How do we "know that the flow around the wing does include downward mass acceleration equal to the lift"?

If the wing is the only thing pushing on the air, then that's a fair statement. In most cases, the wing is not the only thing pushing on the air. You can come up with contrived ways in which an airplane might fly in a way that it avoids ground interaction, but in the simplest case of a lifting wing in steady flight, wing interaction with the ground is inevitable.
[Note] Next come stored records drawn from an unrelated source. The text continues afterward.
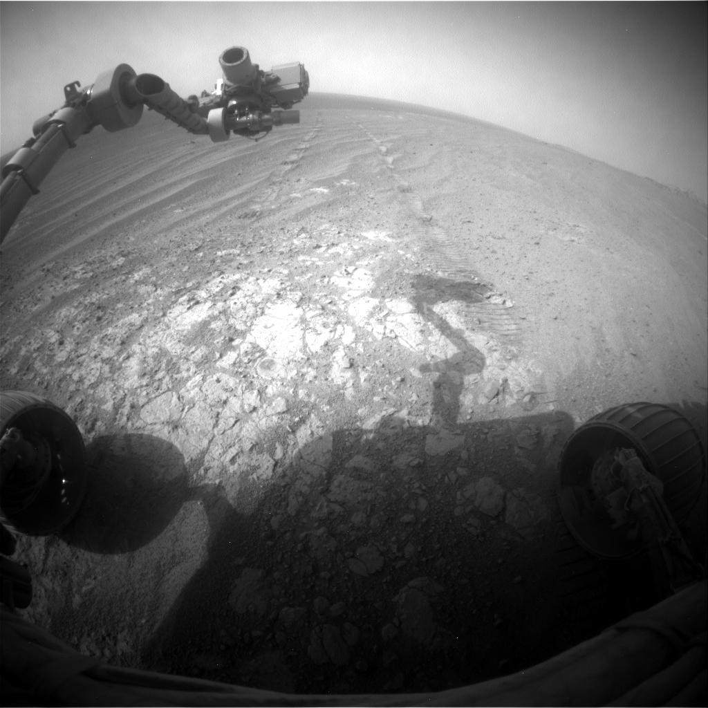 The scene includes Opportunity's robotic arm, called the "instrument deployment device," at upper left. Portions of the pale bedrock exposed on the ground in front of the rover are within the arm's reach. Researchers used instruments on the arm to examine a target called "Calera" on this patch of bedrock. The wheel tracks in the scene are from the drive -- in reverse -- to this location, a drive of 32.5 feet (9.9 meters) on Sol 3846 (Nov. 18, 2014).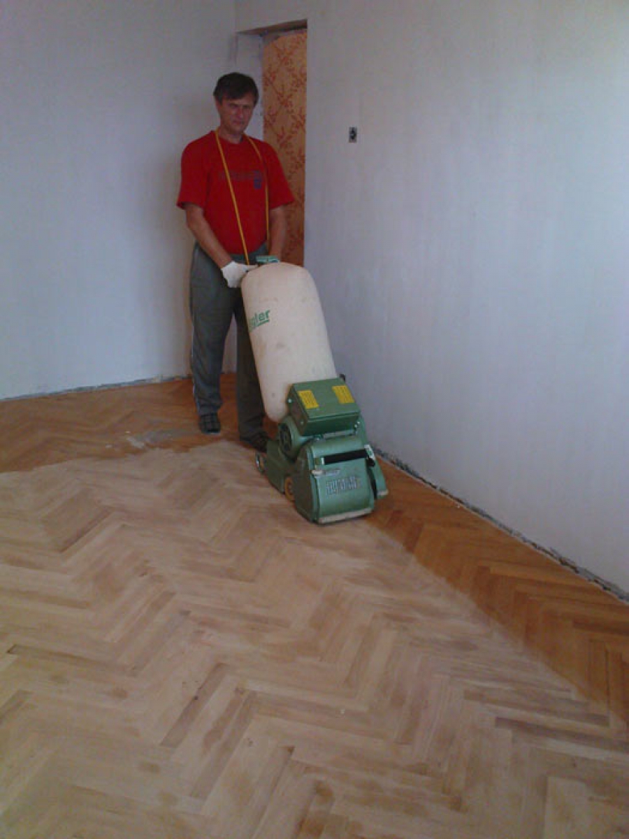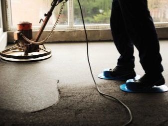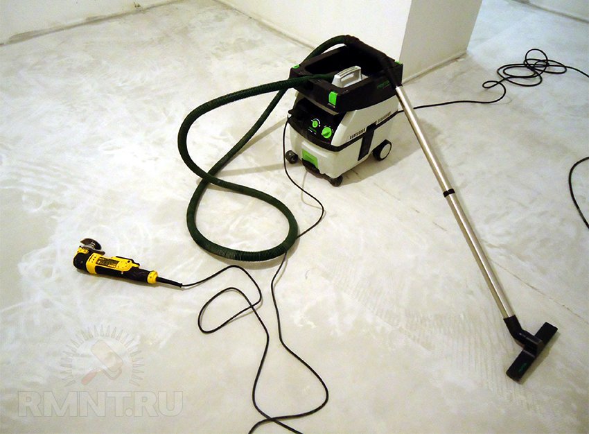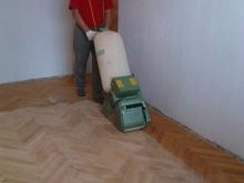Sander. It will be necessary for processing of the concrete basis before work. If the area of the room is small, at this stage you can use a metal brush instead.A concrete screed must be processed with a grinding machine after full curing.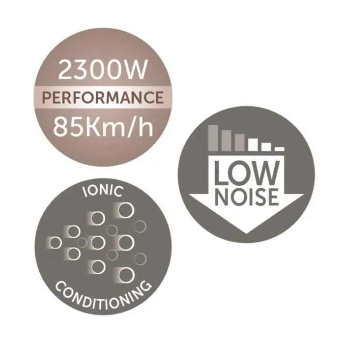Avec 2300 W, l'appareil délivre un flux d'air soutenu tout en conservant une stabilité thermique pour un coiffage plus uniforme. La combinaison de la céramique et des ions aide à réduire les frisottis et favorise un rendu lisse. Les 2 vitesses gèrent l'intensité du souffle, utiles pour passer d'un séchage rapide à un travail plus minutieux sur les mèches. Les 3 niveaux de chaleur permettent d'adapter la température à la sensibilité des cheveux, du plus épais au plus délicat, pour équilibrer temps de séchage et confort d'utilisation.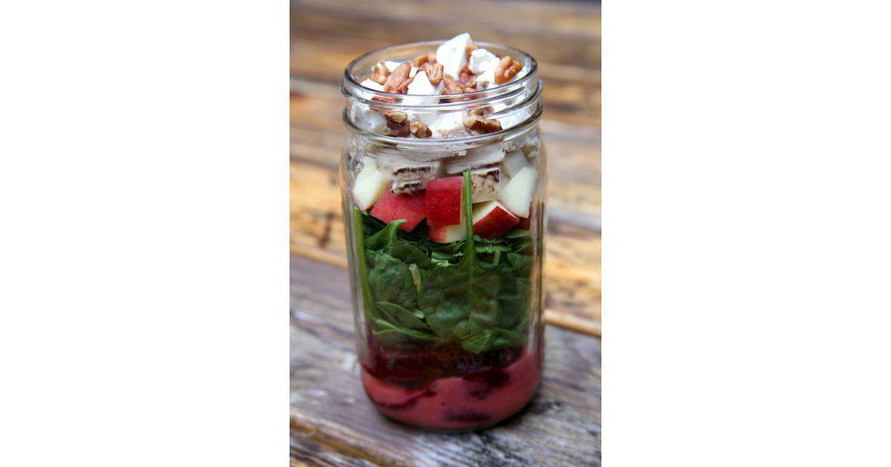 Start off this jar salad by making a strawberry vinaigrette which includes two cups of strawberries, two tablespoons balsamic vinegar, one tablespoon red wine vinegar, one tablespoon lemon juice, one garlic clove, and one fourth teaspoon dijon mustard. Next, add a layer of sliced beets, followed by a handful of spinach. Lay the beet slices flat to keep the spinach from touching the strawberry vinaigrette. Chopped apple pieces, chicken chunks, and walnuts top off this sweet beet chicken salad.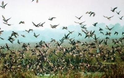 সন্ধ্যায় জলাভুমি থেকে উড়ে যাওয়া বুনো হাঁসের ঝাঁক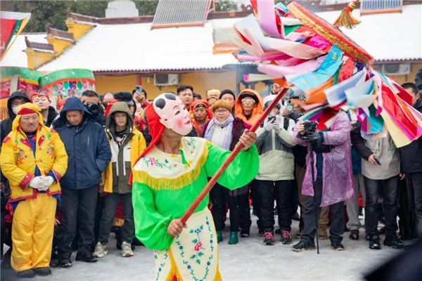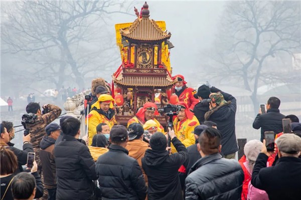 廟會現(xiàn)場,各社的龍燈、獅舞、竹馬、高蹺盡獻技藝,其時,鼓樂喧天,人聲鼎沸,旗鑼傘銃,蔚為壯觀,由“傘孩兒”舞傘領(lǐng)頭,年首喊“青山廟段”,抬龍亭之人聞聲,跟著節(jié)奏將龍亭一上一下抖動,似點頭狀。人們爭先恐后,紛紛涌向儺戲龍亭,舉起手機、相機記錄下這個獨具地域特色的文化瞬間。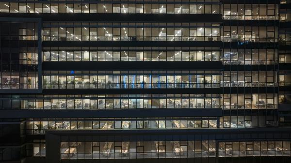 深夜,一处办公楼仍亮着灯,有人在加班。视觉中国供图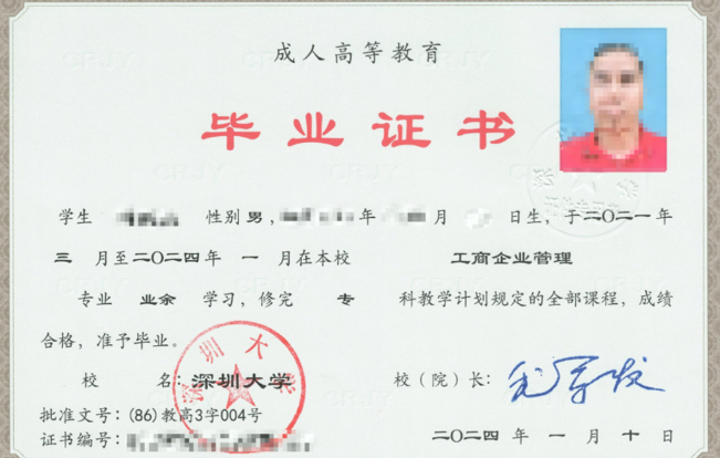 凡被深圳大学正式录取,按规定修完专业教学计划的全部课程且考核合格者,由深圳大学颁发“成人高等教育毕业证书”,毕业证书可在国家教育部指定的“中国高等教育学生信息网(www.chsi.com.cn)”查询,国家承认学历。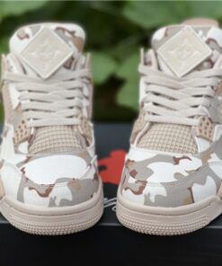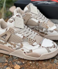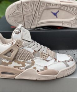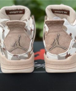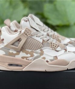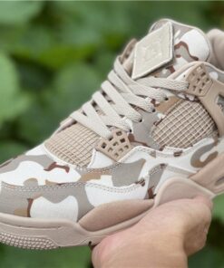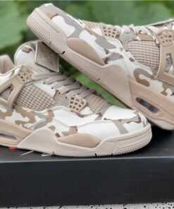 The upper of the sneaker features a desert camo with tan netting and wings. Tan suede is utilized on the heeltab and parts of the midsole with the tongue featuring a removable velcro patch.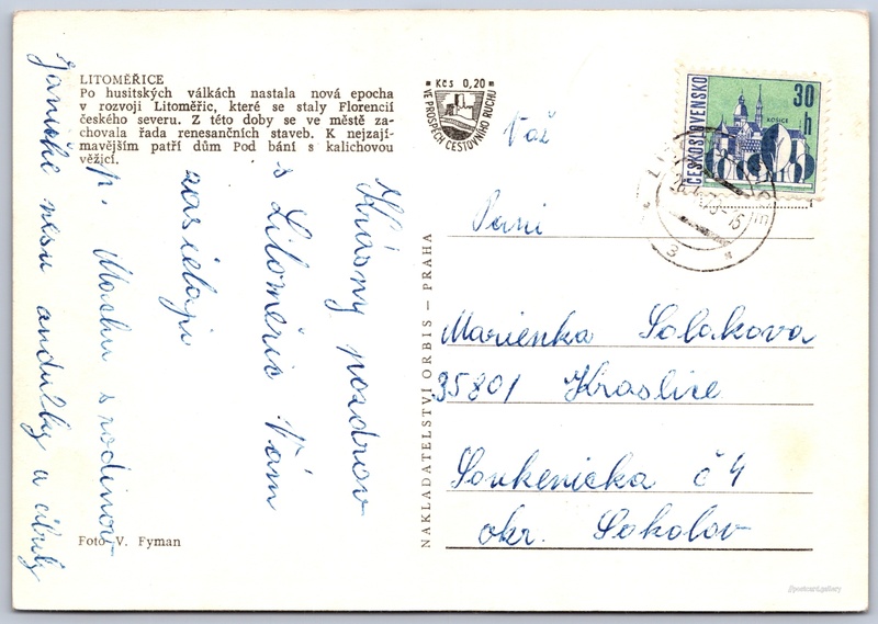 Litomerice, house Pod bání Pokud chcete vidět pohlednice ve vyšším rozlišení nebo zobrazovat jejich zadní stranu, tak se prosím nejdříve přihlašte Log in Register LITOMĚŘICEPo husitských válkách nastala nová epocha v rozvoji Litoměřic, které se staly Florencií českého severu. Z této doby se ve městě zachovala řada renesančních staveb. K nejzajímavějším patří dům Pod bání s kalichovou věžicí. Language of printed text on postcard: Czech Dům Kalich, Historická budova, Mírové náměstí 15/7, Litoměřice-Město, Česko show on map 7 other postcards can be found in the immediate vicinity of the place shown on the postcard Show near postcards Publisher: Nakladatelství Orbis (Czechoslovakia) Estimated issue date of postcard: 1970 - 1973 Help us specify date of postcard publishing Postcard size (w x h) and shape: 148 x 103 mm (5.83" x 4.06"), rectangle Persons connected with this postcard: Vladimír Fyman(Photo author) Used postcard:Stamp date: 26.4.1973 Prices: Fee to support turism: 0,20 Kčs (CSK)Paid stamps: 0,30 Kčs (CSK) DiscussionAdd post Add new folder ... Manage folders ...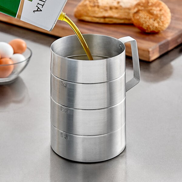 Create convenience in your kitchen using this Choice 4 qt. aluminum measuring cup! Made of durable aluminum, this measuring cup is sure to withstand frequent use. This is the perfect measuring cup for a busy, fast-paced kitchen environment!
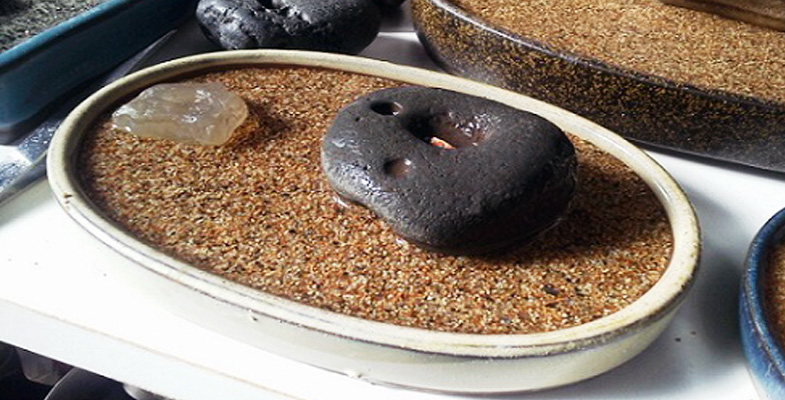 また小さな庭園をあしらった石に水を降りかけると、石の表情がさらに変化していくことにも感銘を受けました。

If the ground exerts any additional upward force on the air, then the flow around the wing does not include downward mass acceleration equal to the lift (Newton's Second Law says that it can't).

Bottom line is that if you assume equality between lift and the rate of vertical momentum transfer, you are starting with something that is not generally true.
This next request may benefit you point of view.
Calculate how much air needs to be Accelerated etc to hold an Aircraft in a lift state.
If the amount is more than is evident then your point of view must be true.

For my point of View I can only reefer you to ..<..

ciurpita. I get where your Going.
Same question between a wing upside down and right ways up.
For example an aircraft is going 90deg (Straight up) holds a steady climb then pulls back on the stick to execute a 1G half loop back to straight down. If the earth is pushing the air up and the Aircraft is Pushing the Air up then where does it go ?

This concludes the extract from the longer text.